Tea tree oil, or a commercial product containing the active ingredient, is the treatment of choice for demodex mites.
Omega-3 fatty acids added to the diet have been shown to improve dry eye symptoms. Polyunsaturated omega-3s can be found in certain fish and in flax seed, as well as in supplements of fish oils or flax seed oils.
Other treatments in individuals with more than one cause underlying their dry eye symptoms, ocular lubricants, topical cyclosporine, topical steroids, blinking exercises and improved lid hygiene are all helpful in reducing discomfort.

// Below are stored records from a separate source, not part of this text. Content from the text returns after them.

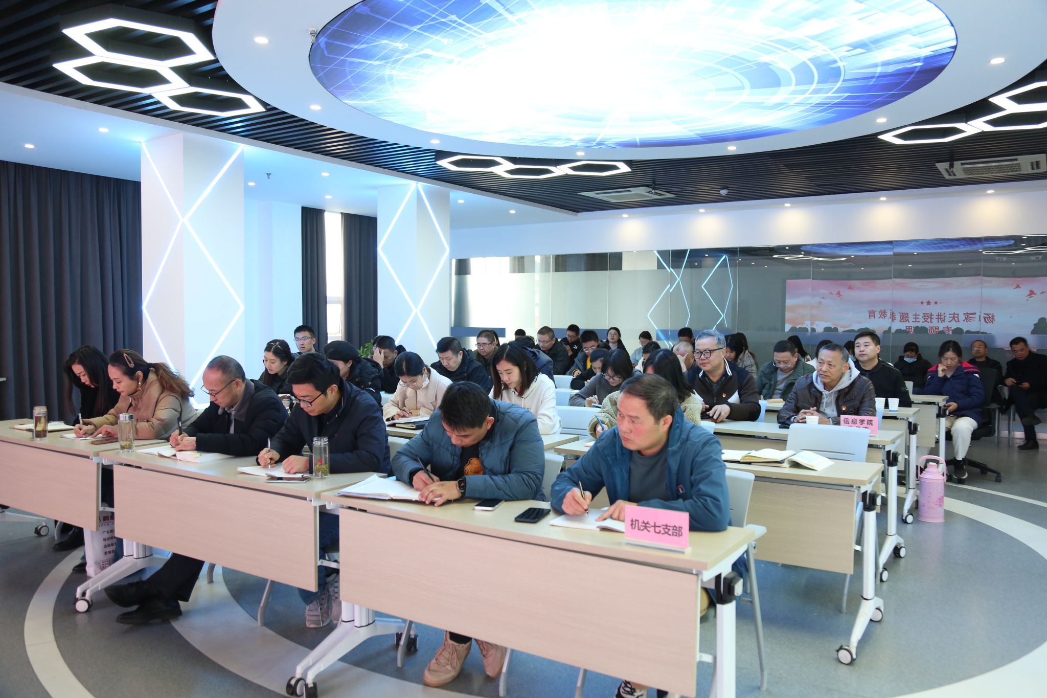 为深入贯彻落实习近平新时代中国特色社会主义思想和党的二十大精神,根据中央和上级党组织关于开展第二批主题教育的有关要求,11月15日,校党委副书记杨家庆在综合楼VR实训室为机关七支部、信息工程学院党员教师讲授主题教育专题党课。专题党课由信息工程学院党总支书记程洪斌主持。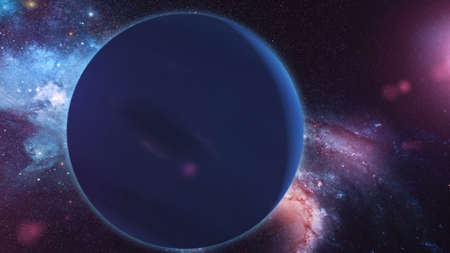 beautiful surface of the planet against the background of stars and galaxies in bright colors, space fantasy, space background 3D render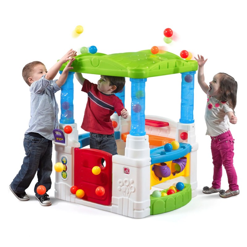 La Wonderball Fun House è una casetta colorata e interattiva, perfetta per il gioco sia all’interno che all’esterno. I bambini possono lanciare le palline sul tetto e osservare il loro percorso tra tubi e canali, accompagnati da un divertente tintinnio. Ogni lato della casetta offre spazi in cui inserire le palline per farle scorrere lungo i percorsi integrati, stimolando la coordinazione e la curiosità.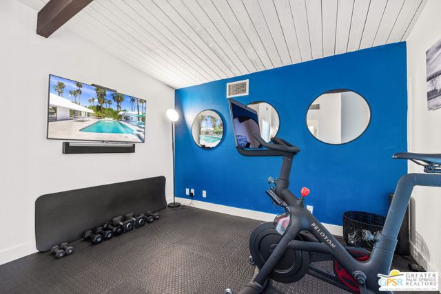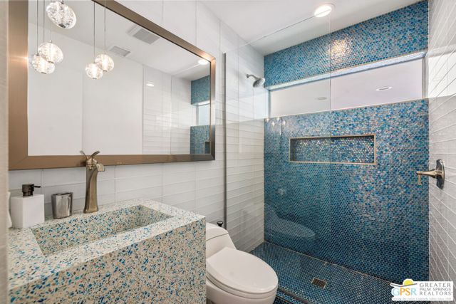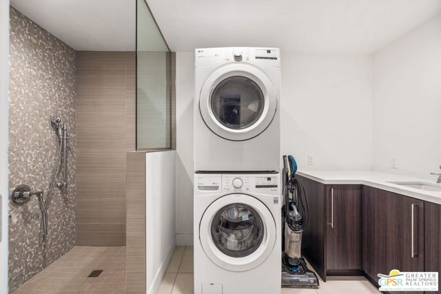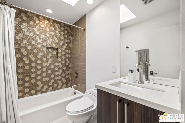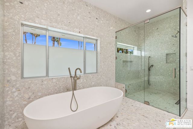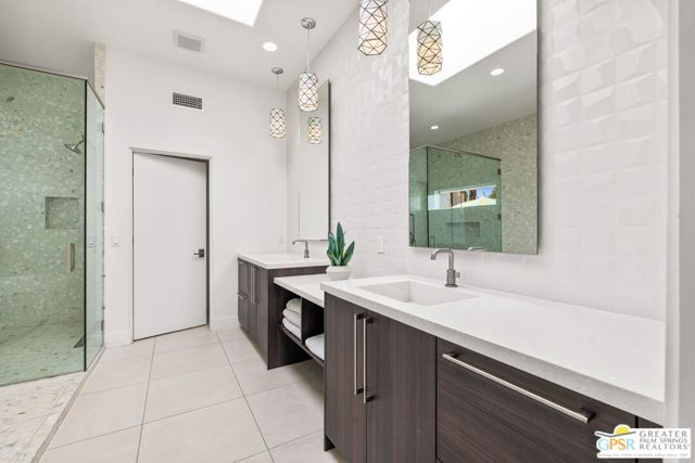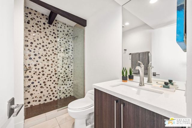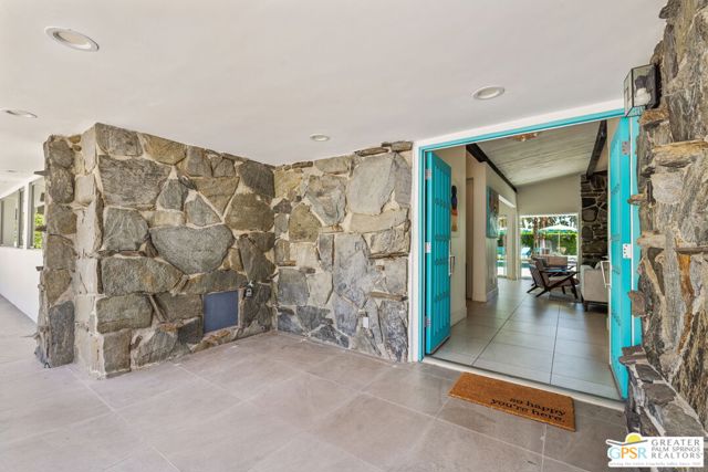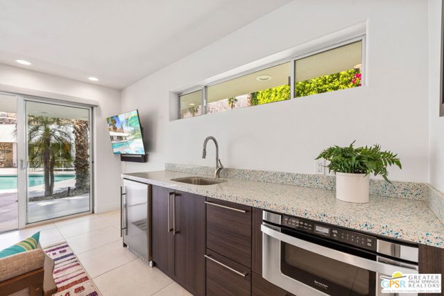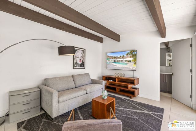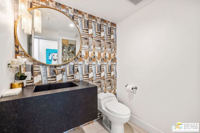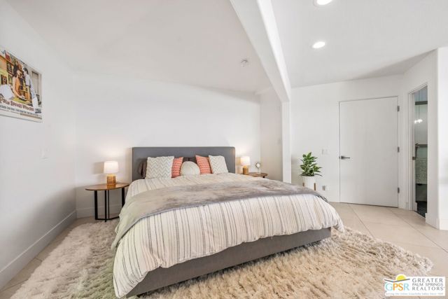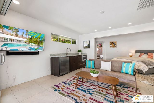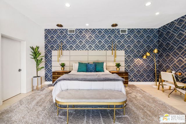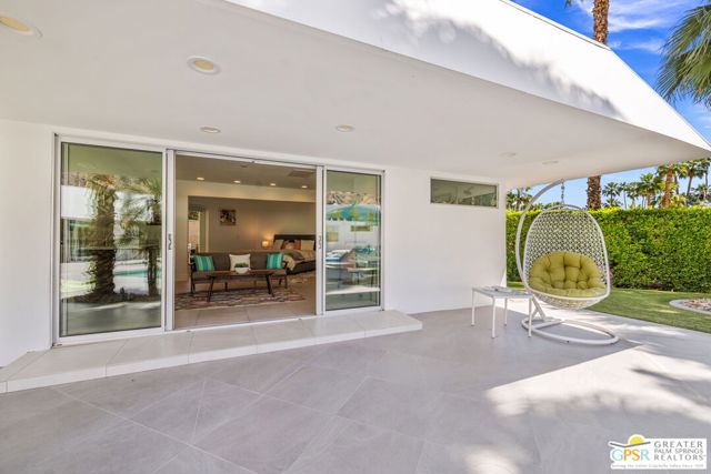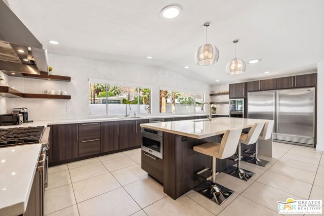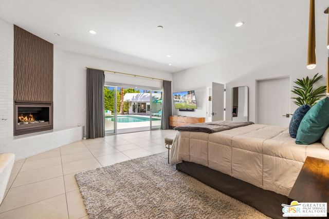 Set in the iconic Vista Las Palmas neighborhood, this reimagined mid-century modern residence originally designed by Charles Du Bois, AIA, and built by Alexander Construction Company blends architectural pedigree with contemporary updates across a spacious 5 bedroom, 5.5-bath layout. Located just blocks from downtown Palm Springs, the home offers easy access to renowned restaurants, retailers, and entertainment. Framed by a dramatic mansard roofline and a private west-facing front yard, the property delivers strong curb appeal, mature landscaping, and views of Dry Falls and Mt. San Jacinto. Inside, vaulted ceilings with exposed beams, tongue-and-groove detail, and walls of glass define the open living spaces, filling the home with natural light and seamless indoor/outdoor flow to a larger-than-most resort-style backyard. All tile flooring throughout, too! The modernized kitchen, anchored by oversized windows that frame the mountains, features quartz countertops, sleek cabinetry, a large island, and stainless appliances opening to the family room, dining area, and formal living spaces, all oriented toward the backyard. The Primary Suite offers a private retreat with fireplace, backyard access, and a spa-inspired bath with dual vanities, soaking tub, walk-in shower, and generous closet. An adjacent exercise room adds flexibility. Junior Ensuites Two and Three offer views and private baths, while Junior Ensuite Four is positioned on the opposite side of the home with its own bath and direct outdoor access. Inside laundry room with sink and dog shower. A detached pool house serves as a fifth ensuite, complete with living area, wet bar, and private bath. Outdoor living is highlighted by a large pool, in-ground spa, outdoor shower, mature palms, and expansive mountain views. Recent improvements include updated HVAC systems and a newer roof. A rare opportunity to own a refreshed architectural classic in one of Palm Springs' most sought-after neighborhoods.

A new therapy that may hold promise is the use of autologous eye drops; In a recent study, blood was drawn from each patient and centrifuged for removal of red and white blood cells. The remaining serum was filtered and diluted to 50% using sterile saline by a compounding pharmacy. The resulting eye drops were found to be both safe and more effective in reducing symptoms, especially in patients with severe dry eye symptoms that were not responding well to conventional treatment.
Bad News, Good News
Control of dry eye symptoms is important to the future eye health of individuals, particularly in the case of people who may need some form of ocular surgery in the future, such as cataract removal. Inflammation, infection and eyelid disease all contribute to complications later.
Bad news: it is important to know that there is no sure “cure” for the symptoms of dry eyes, and that routine, ongoing therapies may be necessary for long-term control of a troublesome issue.
Good news: the reward for diligent compliance with routine treatments over the long term is much improved comfort, better eye health and better vision.